108' • France • 2023 • Couleur
Diffusion Arte [La Lucarne], vendredi 20 octobre 2023, (puis en replay)
un film de Vincent Dieutre
avec Dino Koutsolioutsos, Vincent Dieutre, Eva Truffaut, Jean-Marc Barr, Nelson Bourrec Carter, Geoffrey Carey, Darrell Davis, Laurie Karp, Keja-Ho Kramer, Elina Lowensohn, Kate Moran
Image Arnold Pasquier • Montage Matthias Bouffier • Conception sonore Jean-Marc Schick • Son Romain Cadhilac • Mixage son Nathalie Vidal • Textes Stéphane Bouquet, Bruce Bégout • Producteur Stéphane Jourdain • Berlinale 2023, Forum
Découverte d’un Los Angeles sous pandémie par le cinéaste Vincent Dieutre, sur les traces d’un ancien amour. Entre road-movie et journal de bord, une méditation sur l'époque telle qu’elle chute.
Grand amoureux de New York et de la contre-culture américaine des années 1970, Vincent Dieutre n’avait encore jamais visité la Californie. Cette fois, il choisit Los Angeles pour décor de son nouvel essai, filmé pendant la pandémie et nourri par ses retrouvailles via Facebook avec un ancien amant, quarante ans après leur brève rencontre dans un bar gay de New York en 1981. En voiture, le cinéaste erre dans la ville-générique. Invitation à la méditation posturbaine, sa traversée devient aussi prétexte à un regard rétrospectif sur les discours nihilistes et catastrophistes de sa génération, quand lui trouve aujourd'hui dans la poésie un horizon d'espoir. Dans un petit théâtre désaffecté, du côté des anciens studios de Hollywood, nommé The End, Poetry Lounge, la parole vivante des poètes circule clandestinement, tandis que l’auteur et son ancien amant, en quête de sens, s'y réfugient parfois. Mais le “No Future” de sa jeunesse semble s'être radicalement concrétisé dans une Cité des anges à peine sortie du confinement.
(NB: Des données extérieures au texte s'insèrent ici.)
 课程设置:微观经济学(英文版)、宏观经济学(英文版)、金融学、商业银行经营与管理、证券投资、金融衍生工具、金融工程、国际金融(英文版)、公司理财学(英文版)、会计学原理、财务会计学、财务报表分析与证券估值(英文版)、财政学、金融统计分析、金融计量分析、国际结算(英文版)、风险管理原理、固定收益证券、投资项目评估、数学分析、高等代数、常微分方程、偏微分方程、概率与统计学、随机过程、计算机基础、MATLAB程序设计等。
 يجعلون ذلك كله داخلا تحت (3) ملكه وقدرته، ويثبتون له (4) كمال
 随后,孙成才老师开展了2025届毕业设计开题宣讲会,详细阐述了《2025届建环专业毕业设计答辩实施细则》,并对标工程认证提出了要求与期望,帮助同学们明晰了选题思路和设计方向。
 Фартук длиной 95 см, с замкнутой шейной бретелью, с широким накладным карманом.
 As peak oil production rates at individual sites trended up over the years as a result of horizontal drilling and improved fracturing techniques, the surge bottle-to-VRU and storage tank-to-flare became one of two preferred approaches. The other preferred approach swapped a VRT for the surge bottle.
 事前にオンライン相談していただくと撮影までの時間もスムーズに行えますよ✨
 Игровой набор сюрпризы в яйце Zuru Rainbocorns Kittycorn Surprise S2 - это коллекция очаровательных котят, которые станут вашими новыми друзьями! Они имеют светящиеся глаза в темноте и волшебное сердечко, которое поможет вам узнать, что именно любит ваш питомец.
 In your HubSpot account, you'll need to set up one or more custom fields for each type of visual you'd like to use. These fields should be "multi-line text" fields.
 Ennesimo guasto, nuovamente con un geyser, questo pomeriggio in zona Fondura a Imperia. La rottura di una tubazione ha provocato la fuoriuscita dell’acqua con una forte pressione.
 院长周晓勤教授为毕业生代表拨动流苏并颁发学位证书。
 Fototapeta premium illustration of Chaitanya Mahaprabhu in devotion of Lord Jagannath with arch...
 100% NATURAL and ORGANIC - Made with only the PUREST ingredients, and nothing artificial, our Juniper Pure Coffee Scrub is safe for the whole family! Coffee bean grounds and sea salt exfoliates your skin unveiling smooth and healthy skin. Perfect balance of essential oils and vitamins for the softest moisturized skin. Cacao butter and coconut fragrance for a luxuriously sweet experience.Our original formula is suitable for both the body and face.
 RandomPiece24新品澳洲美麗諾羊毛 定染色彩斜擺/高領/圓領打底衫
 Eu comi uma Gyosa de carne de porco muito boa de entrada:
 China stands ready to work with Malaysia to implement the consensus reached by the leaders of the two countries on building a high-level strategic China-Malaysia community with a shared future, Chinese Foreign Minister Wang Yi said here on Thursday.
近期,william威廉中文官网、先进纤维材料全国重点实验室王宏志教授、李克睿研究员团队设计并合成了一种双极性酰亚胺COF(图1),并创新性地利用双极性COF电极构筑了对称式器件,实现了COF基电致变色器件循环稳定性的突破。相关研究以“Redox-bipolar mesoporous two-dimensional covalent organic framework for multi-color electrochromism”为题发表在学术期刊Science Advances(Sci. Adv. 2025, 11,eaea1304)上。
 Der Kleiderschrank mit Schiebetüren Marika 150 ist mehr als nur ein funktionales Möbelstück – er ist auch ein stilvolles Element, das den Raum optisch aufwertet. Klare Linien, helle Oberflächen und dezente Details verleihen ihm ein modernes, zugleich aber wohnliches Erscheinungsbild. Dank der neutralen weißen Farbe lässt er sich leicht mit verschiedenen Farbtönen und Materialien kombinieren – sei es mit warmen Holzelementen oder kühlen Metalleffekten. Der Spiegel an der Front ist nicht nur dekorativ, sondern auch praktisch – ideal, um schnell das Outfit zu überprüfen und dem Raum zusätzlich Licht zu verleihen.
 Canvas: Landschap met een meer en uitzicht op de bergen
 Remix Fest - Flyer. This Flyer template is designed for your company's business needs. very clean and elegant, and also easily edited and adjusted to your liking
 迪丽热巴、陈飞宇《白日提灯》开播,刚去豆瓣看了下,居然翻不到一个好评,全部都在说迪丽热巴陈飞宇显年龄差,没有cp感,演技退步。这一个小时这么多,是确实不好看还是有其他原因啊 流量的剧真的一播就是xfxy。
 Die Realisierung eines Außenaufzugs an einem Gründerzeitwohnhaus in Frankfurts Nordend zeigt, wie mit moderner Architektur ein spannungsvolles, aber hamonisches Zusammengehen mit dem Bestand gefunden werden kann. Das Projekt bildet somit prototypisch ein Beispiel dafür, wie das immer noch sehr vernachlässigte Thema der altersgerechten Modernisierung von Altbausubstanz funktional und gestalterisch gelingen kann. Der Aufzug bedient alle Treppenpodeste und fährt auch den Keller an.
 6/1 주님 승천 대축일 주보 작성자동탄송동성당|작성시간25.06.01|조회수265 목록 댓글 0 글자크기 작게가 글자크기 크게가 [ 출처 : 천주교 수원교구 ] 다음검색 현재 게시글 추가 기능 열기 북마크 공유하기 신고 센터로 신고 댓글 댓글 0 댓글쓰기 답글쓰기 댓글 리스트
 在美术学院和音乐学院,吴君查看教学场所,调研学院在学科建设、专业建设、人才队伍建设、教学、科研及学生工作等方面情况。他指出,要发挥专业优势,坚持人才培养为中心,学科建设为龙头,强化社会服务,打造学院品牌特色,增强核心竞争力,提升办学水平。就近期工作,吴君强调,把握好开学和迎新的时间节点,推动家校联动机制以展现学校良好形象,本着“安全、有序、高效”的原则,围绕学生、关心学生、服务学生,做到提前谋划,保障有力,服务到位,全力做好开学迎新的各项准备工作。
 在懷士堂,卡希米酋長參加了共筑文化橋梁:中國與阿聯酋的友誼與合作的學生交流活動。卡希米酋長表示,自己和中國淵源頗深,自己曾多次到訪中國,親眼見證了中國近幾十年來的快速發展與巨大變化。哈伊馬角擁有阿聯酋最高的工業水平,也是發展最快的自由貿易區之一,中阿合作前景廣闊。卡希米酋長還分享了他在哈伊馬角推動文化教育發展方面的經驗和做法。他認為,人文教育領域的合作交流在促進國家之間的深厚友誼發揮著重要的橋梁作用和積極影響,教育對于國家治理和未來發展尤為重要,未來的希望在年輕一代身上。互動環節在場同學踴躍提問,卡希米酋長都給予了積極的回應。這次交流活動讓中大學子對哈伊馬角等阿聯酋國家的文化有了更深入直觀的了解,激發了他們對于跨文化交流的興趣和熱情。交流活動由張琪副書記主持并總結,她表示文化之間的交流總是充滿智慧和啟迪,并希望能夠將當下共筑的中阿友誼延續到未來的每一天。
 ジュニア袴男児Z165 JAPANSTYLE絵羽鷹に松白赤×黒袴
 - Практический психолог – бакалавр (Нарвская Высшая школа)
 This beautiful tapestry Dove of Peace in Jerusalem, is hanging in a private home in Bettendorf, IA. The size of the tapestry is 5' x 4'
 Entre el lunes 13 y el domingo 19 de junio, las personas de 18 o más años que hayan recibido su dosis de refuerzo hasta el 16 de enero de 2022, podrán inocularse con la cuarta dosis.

Dans la ville immense et fantomatique, la vie n'est plus qu'une boucle sans fin en attente de catastrophe, où la nature reprend ses droits : des bougainvillées repoussent sur les garages abandonnés, les serpents à sonnettes se nichent dans les terrains vagues, piscines et poubelles, et le désert gagne sur les friches menacées d'incendie.

L’état du monde
Inscrit dans la pratique cinématographique diariste “autofictionnelle” de son auteur, This Is the End imbrique étroitement le quotidien et l'intime avec sa perception de l'état du monde, à une époque charnière, celle de la pandémie. Un journal de voyage qui revisite Los Angeles à travers un riche matériau de textes, de sons et d’observations, dessinant en creux une réflexion sur le cinéma.
Pendant la pandémie, le cinéaste se rend à Los Angeles, qui n'est pas étrangère au spectacle et au désastre. Sous le signe d'Hollywood, le mouvement permanent est de rigueur : ne jamais s'arrêter, ne jamais regarder de trop près, ne jamais développer le sentiment d'être ici. Depuis la sécurité de la Ford Mustang, de longs travellings permettent d'observer la ville, dont les surfaces chatoyantes renvoient au cinéaste sa propre perspective, façonnée par la critique culturelle. Les vides diagnostiqués par Baudrillard et Bégout, les connexions manquantes, l'absence de sens, la fin du monde qui a peut-être déjà eu lieu, semblent étonnamment excitants à travers les yeux fatigués de l'Ancien Monde : une histoire d'amour vieille de 40 ans est ravivée, les mouvements de l'amour tombent dans le flux frais du temps, les coyotes conquièrent les jardins, les serpents nagent dans les piscines. Un chœur d'acteurs se partage des poèmes apocalyptiques de E. E. Cummings, Ocean Vuong, Claudia Rankine et d'autres encore ; ces voix du Nouveau Monde interrompent le commentaire français. Et deux corps septuagénaires de deux mondes disparus se synchronisent tendrement avec le cinéma des attractions.